=== Data in this exercise ===

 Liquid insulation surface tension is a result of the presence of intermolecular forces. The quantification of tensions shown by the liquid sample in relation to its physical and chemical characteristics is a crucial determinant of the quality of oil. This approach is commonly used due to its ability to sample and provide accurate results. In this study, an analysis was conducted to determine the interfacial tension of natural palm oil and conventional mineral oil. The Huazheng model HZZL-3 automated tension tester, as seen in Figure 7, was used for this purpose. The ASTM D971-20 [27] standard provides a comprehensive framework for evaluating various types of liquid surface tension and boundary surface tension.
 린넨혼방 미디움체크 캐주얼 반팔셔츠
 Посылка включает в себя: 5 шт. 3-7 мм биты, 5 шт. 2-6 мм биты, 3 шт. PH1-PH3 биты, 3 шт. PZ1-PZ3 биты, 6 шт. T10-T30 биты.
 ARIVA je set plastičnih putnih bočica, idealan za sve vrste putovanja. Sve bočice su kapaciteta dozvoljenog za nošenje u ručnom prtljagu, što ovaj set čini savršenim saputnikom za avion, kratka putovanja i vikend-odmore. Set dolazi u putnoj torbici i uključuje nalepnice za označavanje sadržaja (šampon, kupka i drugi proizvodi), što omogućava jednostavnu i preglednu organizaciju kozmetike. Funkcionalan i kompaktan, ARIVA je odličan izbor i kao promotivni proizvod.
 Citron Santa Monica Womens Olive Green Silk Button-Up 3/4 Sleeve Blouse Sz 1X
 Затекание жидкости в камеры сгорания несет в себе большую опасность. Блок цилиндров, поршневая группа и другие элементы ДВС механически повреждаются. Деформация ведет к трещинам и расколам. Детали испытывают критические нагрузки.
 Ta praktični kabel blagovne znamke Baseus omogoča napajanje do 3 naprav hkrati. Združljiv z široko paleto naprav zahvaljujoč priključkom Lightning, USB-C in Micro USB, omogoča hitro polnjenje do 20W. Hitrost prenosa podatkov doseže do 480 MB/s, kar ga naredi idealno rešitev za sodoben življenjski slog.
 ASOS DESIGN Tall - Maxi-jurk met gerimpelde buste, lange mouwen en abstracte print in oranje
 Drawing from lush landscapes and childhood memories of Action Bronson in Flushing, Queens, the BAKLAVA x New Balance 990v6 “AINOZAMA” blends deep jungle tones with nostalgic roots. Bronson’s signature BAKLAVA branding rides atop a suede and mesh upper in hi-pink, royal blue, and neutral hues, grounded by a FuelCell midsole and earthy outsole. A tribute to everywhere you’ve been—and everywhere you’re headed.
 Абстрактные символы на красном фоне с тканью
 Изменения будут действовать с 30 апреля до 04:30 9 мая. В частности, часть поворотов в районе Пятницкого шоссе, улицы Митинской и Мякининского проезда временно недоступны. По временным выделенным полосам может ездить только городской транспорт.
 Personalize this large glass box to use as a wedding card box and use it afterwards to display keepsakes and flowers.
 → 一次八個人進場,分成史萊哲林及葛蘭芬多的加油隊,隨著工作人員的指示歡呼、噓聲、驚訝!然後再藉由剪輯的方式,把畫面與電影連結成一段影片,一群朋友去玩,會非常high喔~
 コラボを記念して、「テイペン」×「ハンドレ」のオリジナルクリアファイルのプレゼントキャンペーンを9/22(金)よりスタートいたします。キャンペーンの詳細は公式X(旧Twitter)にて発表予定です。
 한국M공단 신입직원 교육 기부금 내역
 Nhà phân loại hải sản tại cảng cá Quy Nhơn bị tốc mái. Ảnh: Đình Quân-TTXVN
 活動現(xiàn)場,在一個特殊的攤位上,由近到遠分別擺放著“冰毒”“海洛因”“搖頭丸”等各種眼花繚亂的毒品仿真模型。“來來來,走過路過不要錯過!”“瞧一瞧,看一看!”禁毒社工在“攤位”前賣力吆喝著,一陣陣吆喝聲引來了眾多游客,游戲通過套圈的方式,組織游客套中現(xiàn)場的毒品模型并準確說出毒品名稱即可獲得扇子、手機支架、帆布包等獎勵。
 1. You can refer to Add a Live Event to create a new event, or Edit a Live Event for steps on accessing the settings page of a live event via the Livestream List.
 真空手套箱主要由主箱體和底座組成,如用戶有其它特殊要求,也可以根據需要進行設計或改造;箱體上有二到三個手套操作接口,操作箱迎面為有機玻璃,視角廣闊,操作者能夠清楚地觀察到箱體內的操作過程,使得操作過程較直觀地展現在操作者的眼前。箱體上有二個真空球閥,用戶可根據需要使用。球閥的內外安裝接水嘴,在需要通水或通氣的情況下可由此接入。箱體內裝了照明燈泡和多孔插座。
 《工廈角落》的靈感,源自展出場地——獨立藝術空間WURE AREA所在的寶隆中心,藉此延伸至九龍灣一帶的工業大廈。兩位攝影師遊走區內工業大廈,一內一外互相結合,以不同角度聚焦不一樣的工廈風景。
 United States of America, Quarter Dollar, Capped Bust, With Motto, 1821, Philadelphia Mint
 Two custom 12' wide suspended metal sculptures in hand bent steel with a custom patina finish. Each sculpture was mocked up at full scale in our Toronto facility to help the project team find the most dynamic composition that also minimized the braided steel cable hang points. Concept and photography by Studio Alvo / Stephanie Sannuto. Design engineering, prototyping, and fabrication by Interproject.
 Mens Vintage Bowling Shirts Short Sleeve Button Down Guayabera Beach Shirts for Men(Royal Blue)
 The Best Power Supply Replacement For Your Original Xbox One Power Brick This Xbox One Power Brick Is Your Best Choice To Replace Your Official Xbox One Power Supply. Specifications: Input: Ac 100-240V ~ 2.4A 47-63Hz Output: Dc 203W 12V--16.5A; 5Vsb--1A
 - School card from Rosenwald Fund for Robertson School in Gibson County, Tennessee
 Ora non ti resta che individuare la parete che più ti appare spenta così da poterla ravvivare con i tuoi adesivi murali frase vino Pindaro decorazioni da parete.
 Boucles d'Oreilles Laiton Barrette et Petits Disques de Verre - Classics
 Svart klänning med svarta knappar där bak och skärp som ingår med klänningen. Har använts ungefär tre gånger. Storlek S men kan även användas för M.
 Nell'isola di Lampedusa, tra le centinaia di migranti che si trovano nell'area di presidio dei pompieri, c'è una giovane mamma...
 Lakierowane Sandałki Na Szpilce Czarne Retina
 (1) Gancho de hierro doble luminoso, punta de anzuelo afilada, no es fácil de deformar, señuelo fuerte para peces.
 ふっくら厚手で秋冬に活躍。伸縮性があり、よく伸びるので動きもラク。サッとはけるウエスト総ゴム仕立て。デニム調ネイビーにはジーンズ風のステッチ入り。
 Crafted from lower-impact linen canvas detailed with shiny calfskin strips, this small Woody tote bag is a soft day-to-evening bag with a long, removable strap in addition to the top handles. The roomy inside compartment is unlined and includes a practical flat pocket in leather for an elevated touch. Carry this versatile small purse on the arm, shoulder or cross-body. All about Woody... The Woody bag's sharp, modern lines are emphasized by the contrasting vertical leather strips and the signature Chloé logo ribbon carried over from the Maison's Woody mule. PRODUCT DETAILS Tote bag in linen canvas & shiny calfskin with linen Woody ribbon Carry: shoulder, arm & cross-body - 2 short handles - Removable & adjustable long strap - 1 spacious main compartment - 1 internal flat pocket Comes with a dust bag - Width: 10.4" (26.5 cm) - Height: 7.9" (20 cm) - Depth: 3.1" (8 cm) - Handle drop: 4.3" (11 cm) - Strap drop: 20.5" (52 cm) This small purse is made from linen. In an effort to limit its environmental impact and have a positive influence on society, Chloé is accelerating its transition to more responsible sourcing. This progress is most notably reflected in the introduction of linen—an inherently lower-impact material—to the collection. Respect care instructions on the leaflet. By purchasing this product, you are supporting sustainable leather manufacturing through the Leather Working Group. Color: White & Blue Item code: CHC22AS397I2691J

=== Prompt ===
In the listing above, find the line with "Изменения будут действовать" and the line with "Nhà phân loại"; output exactly those lines and all lines between them.

=== Written solution ===
 Изменения будут действовать с 30 апреля до 04:30 9 мая. В частности, часть поворотов в районе Пятницкого шоссе, улицы Митинской и Мякининского проезда временно недоступны. По временным выделенным полосам может ездить только городской транспорт.
 Personalize this large glass box to use as a wedding card box and use it afterwards to display keepsakes and flowers.
 → 一次八個人進場,分成史萊哲林及葛蘭芬多的加油隊,隨著工作人員的指示歡呼、噓聲、驚訝!然後再藉由剪輯的方式,把畫面與電影連結成一段影片,一群朋友去玩,會非常high喔~
 コラボを記念して、「テイペン」×「ハンドレ」のオリジナルクリアファイルのプレゼントキャンペーンを9/22(金)よりスタートいたします。キャンペーンの詳細は公式X(旧Twitter)にて発表予定です。
 한국M공단 신입직원 교육 기부금 내역
 Nhà phân loại hải sản tại cảng cá Quy Nhơn bị tốc mái. Ảnh: Đình Quân-TTXVN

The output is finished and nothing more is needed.